Dr. Vaughan’s team is now producing thousands of corals by micro-fragmentation. They work mostly with the coral in Florida Reef Tract, on the south-eastern coast of the US. They grow the coral in large tanks of water in his research laboratory. Then they put them back into the ocean. They attach the new corals to old corals that have died. Some of the new planted coral has died. But most of it continues to grow. And Dr. Vaughan and his team are learning more every day about how to make the new coral successful.

Voice 1  

These fast growing corals are an amazing new hope for oceans. But Dr. Vaughan himself also brings hope. Many people who are Dr. Vaughan’s age stop working and retire. But he is continuing to work. Lindsay Arick works with Dr. Vaughan. She talked to the AARP - an organization in the United States for people over 50 years old. In a video, she said:

Voice 4  

“Dr. Vaughan has seen the coral reef destroyed even more than any of us has. He saw it when it was beautiful. Now I may see it when I am Dr. Vaughan’s age the way he saw it when he was my age! So we are going to switch the generations. I can finally see what the reef looked like 60 years ago compared to now.”

Voice 2  

Dr. Vaughan says that he will not stop working until there are a million corals back on the reef. He thinks this can be done in three to five years. He tells the AARP why he thinks his method will be successful. He says:

Voice 3  

“People think that we have ruined this planet with technology. But with technology we can bring it back.”

Voice 1  

Have you ever seen coral in real life or pictures? What do you think people can do to protect areas of coral? Tell us what you think on our website. Or email us at radio@radioenglish.net. You can also comment on Facebook at Facebook.com/spotlightradio.

Voice 2  

The writer of this programme was Rena Dam. The producer was Michio Ozaki. The voices you heard were from the United States and the United Kingdom. All quotes were adapted for this programme and voiced by Spotlight. You can hear this program again, and read it, on the internet at www.radioenglish.net. This programme is called “Hope for the Oceans”.

Voice 1  

Look for our free listening app in the Google Play Store and in iTunes. We hope you can join us again for the next Spotlight programme. Goodbye.

Question:

Have you ever seen a coral reef? What do you know about these areas in the ocean?

Comments


Avatar Spotlight
Dela
said on November 09, 2017

People in particular should try to decrease levels of pollution as in the seas water just as in air or on the land as well. Humans’ activities damage dangerously all earth.
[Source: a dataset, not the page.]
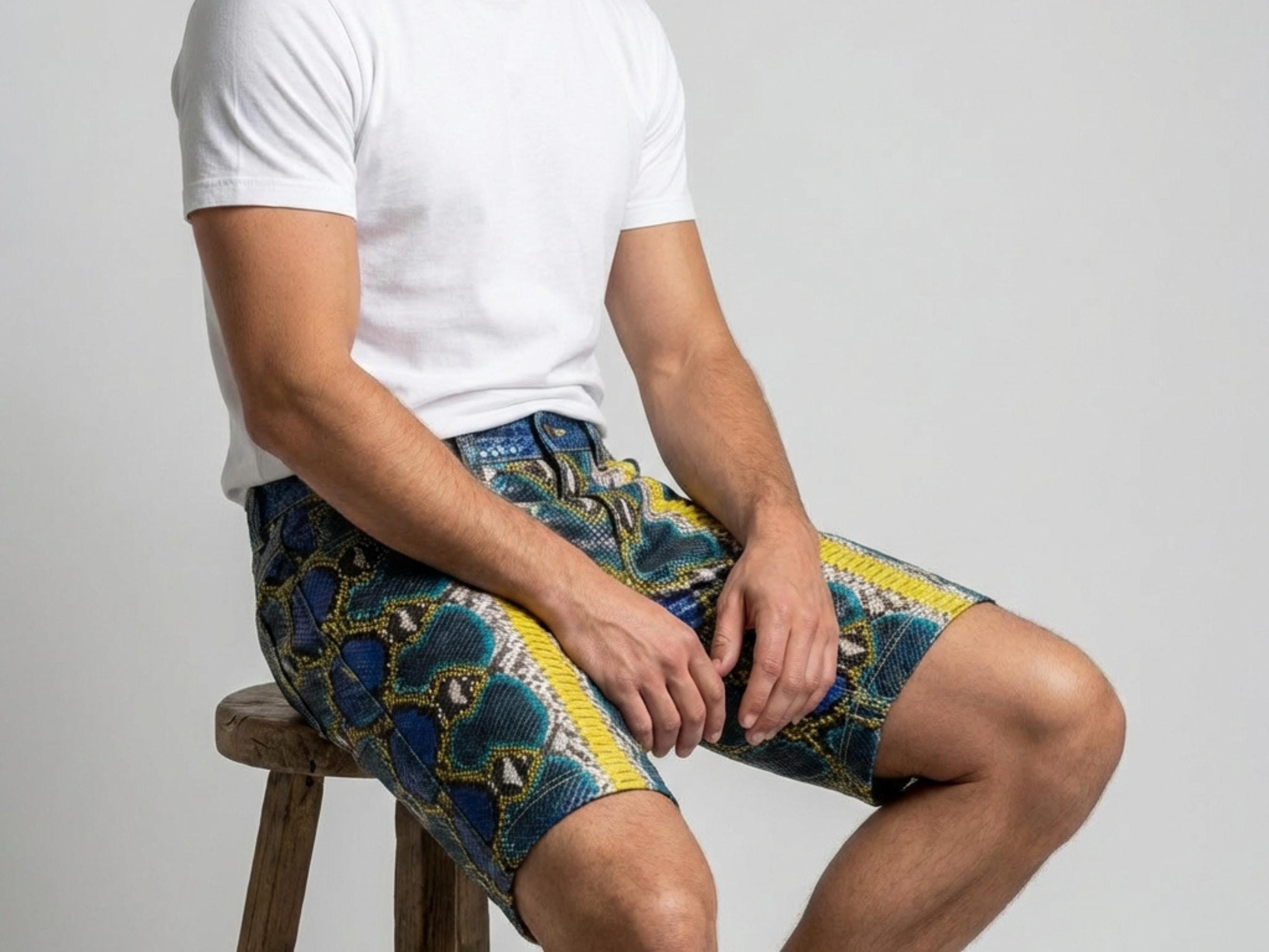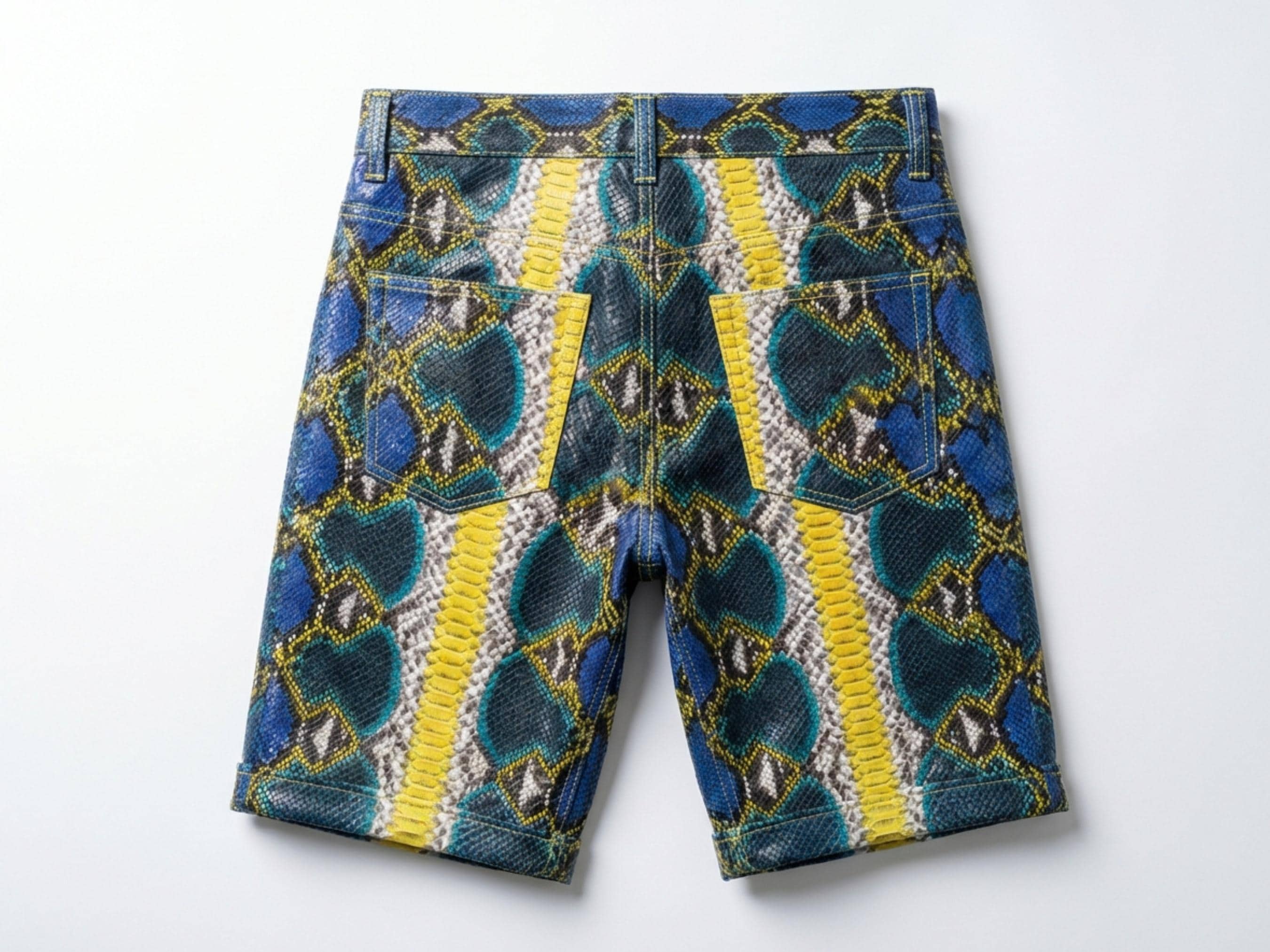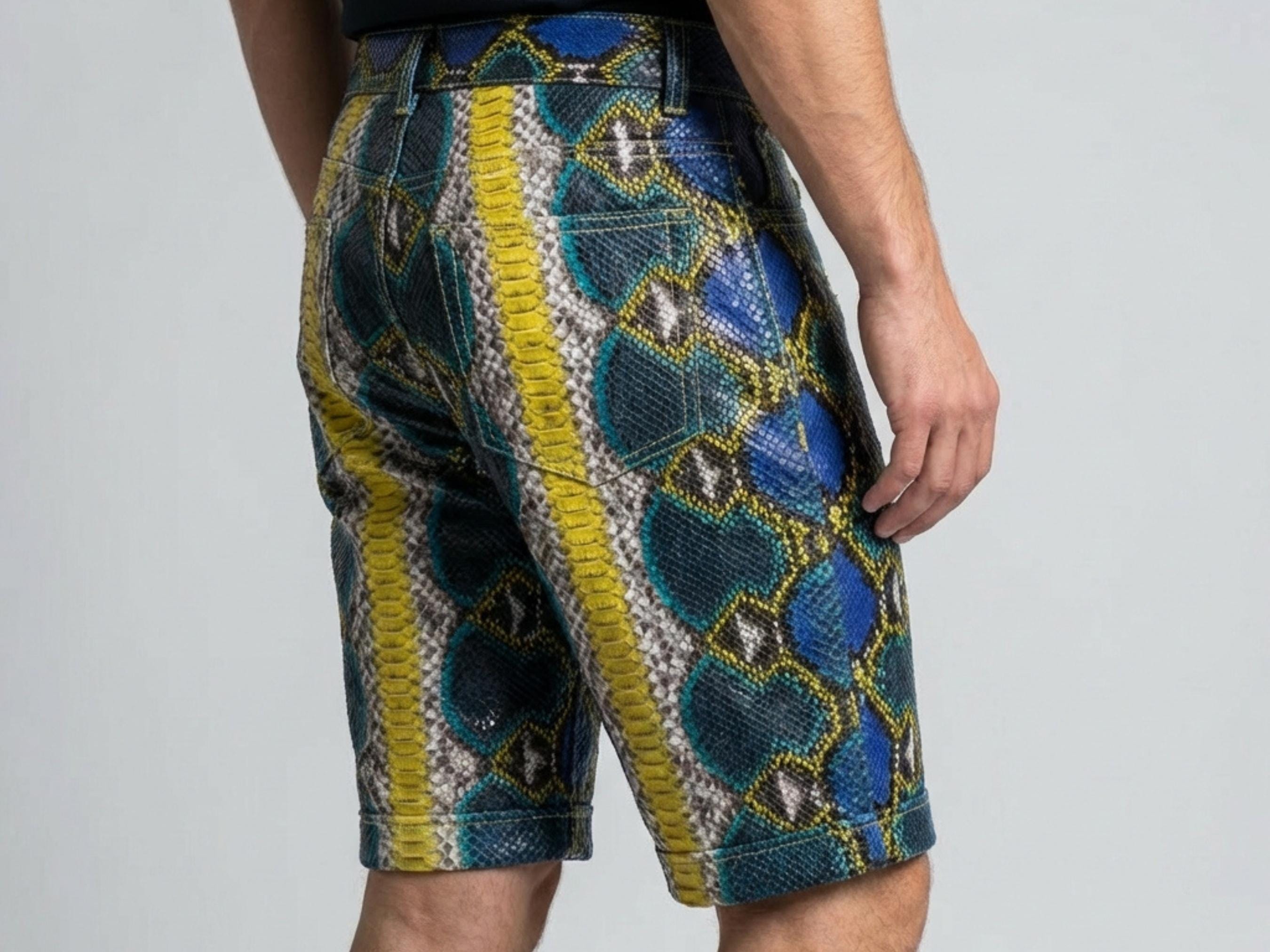 Handcrafted from authentic python snakeskin leather, these shorts showcase a striking blue, yellow, and natural python scale pattern based on the uploaded photos. The natural scale texture and vibrant color variations create a truly one-of-a-kind luxury garment.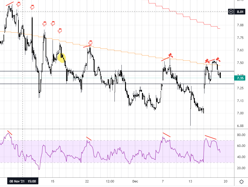 Wie gesagt: Dezember ist kein gutes Mionat, daher die erwartung ist, dass die SMA 50 bleibt als "Deckel", die Bullen werden geschlachtet, der Bereich 7,40-7,30 bleibt Wiederstand, es wird (weit) unten die 7 fallen (Szenario II).

Primarily the world oceans and its underwater creatures including the magic coral reefs must be protected, rescued from total destruction in near future. After all, people are dependent greatly on the cleanness of environment they live in. In my opinion, the new effective technology ‘‘micro-fragmentation’’ discovered by Dr. Vaughan can be regarded as the real hope for the oceans! I would like to see coral reefs in reality but I have seen it only on television so far.